An ambulance environment over a simple graph. An agent interacts through the environment by selecting locations for various ambulances over the graph. Afterwards a patient arrives and the ambulance most go and serve the arrival, paying a cost to travel.
- class or_suite.envs.ambulance.ambulance_graph.AmbulanceGraphEnvironment(config={'alpha': 0.25, 'arrival_dist': <function <lambda>>, 'edges': [(0, 4, {'travel_time': 7}), (0, 1, {'travel_time': 1}), (1, 2, {'travel_time': 3}), (2, 3, {'travel_time': 5}), (1, 3, {'travel_time': 1}), (1, 4, {'travel_time': 17}), (3, 4, {'travel_time': 3})], 'epLen': 5, 'from_data': False, 'num_ambulance': 2, 'starting_state': [1, 2]})[source]

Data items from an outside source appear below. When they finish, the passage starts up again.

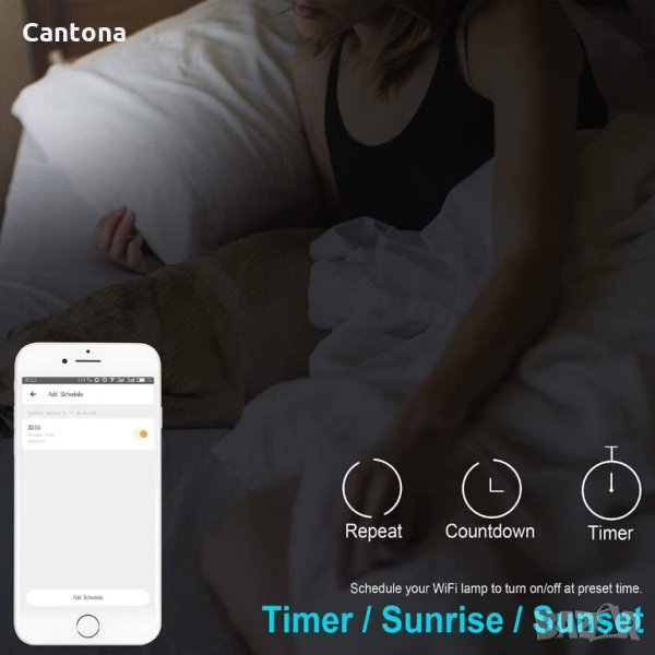 - Автоматично насрочете интелигентния светлинен адаптер за включване и изключване на крушки според нуждите от функцията на таймера, това ви дава спокойствие, че никога няма да забравите да изключите осветлението.
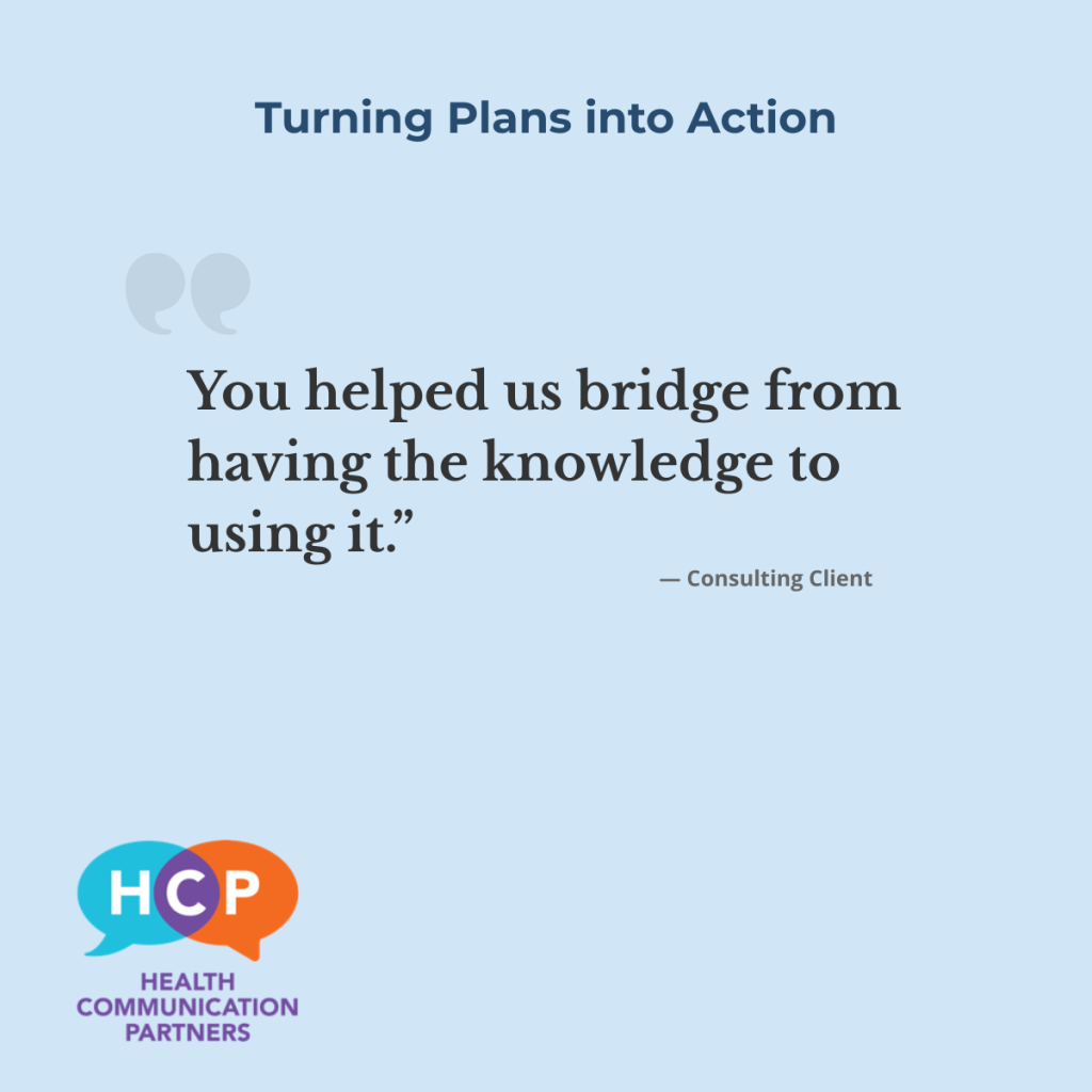 Most of my consulting clients come to me because they have a strategy or initiative that needs to turn into action. Real-life, honest-to-goodness action.
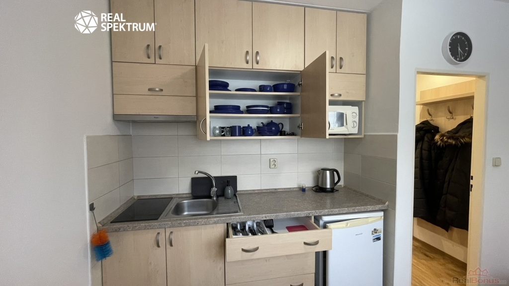 Byt je vybavený a připravený k okamžitému nastěhování. Dispozičně nabízí samostatnou kuchyni s kuchyňskou linkou, lednicí, mikrovlnnou troubou a samostatnou el. troubou, dále obytný pokoj s manželskou postelí a šatní skříní. Koupelna je po rekonstrukci, se sprchovým koutem a pračkou pro vaše využití.

A graph of nodes V with edges between the nodes E; each node represents a location where an ambulance could be stationed or a call could come in. The edges between nodes are undirected and have a weight representing the distance between those two nodes. The nearest ambulance to a call is determined by computing the shortest path from each ambulance to the call, and choosing the ambulance with the minimum length path. The calls arrive according to a prespecified iid probability distribution that can change over time.
- epLen
The int number of time steps to run the experiment for.
- arrival_dist
A lambda arrival distribution for calls over the observation space; takes an integer (step) and returns an integer that corresponds to a node in the observation space.
- alpha
A float controlling proportional difference in cost to move between calls and to respond to a call.
- from_data
A bool indicator for whether the arrivals will be read from data or randomly generated.
- arrival_data
An int list only used if from_data is True, this is a list of arrivals, where each arrival corresponds to a node in the observation space.
- episode_num
The (int) current episode number, increments every time the environment is reset.
- graph
A networkx Graph representing the observation space.
- num_nodes
The (int) number of nodes in the graph.
- state
An int list representing the current state of the environment.
- timestep
The (int) timestep the current episode is on.
- lengths
A symmetric float matrix containing the distance between each pair of nodes.
- starting_state
An int list containing the starting locations for each ambulance.
- num_ambulance
The (int) number of ambulances in the environment.
- action_space
(Gym.spaces MultiDiscrete) Actions must be the length of the number of ambulances, every entry is an int corresponding to a node in the graph.
- observation_space
(Gym.spaces MultiDiscrete) The environment state must be the length of the number of ambulances, every entry is an int corresponding to a node in the graph.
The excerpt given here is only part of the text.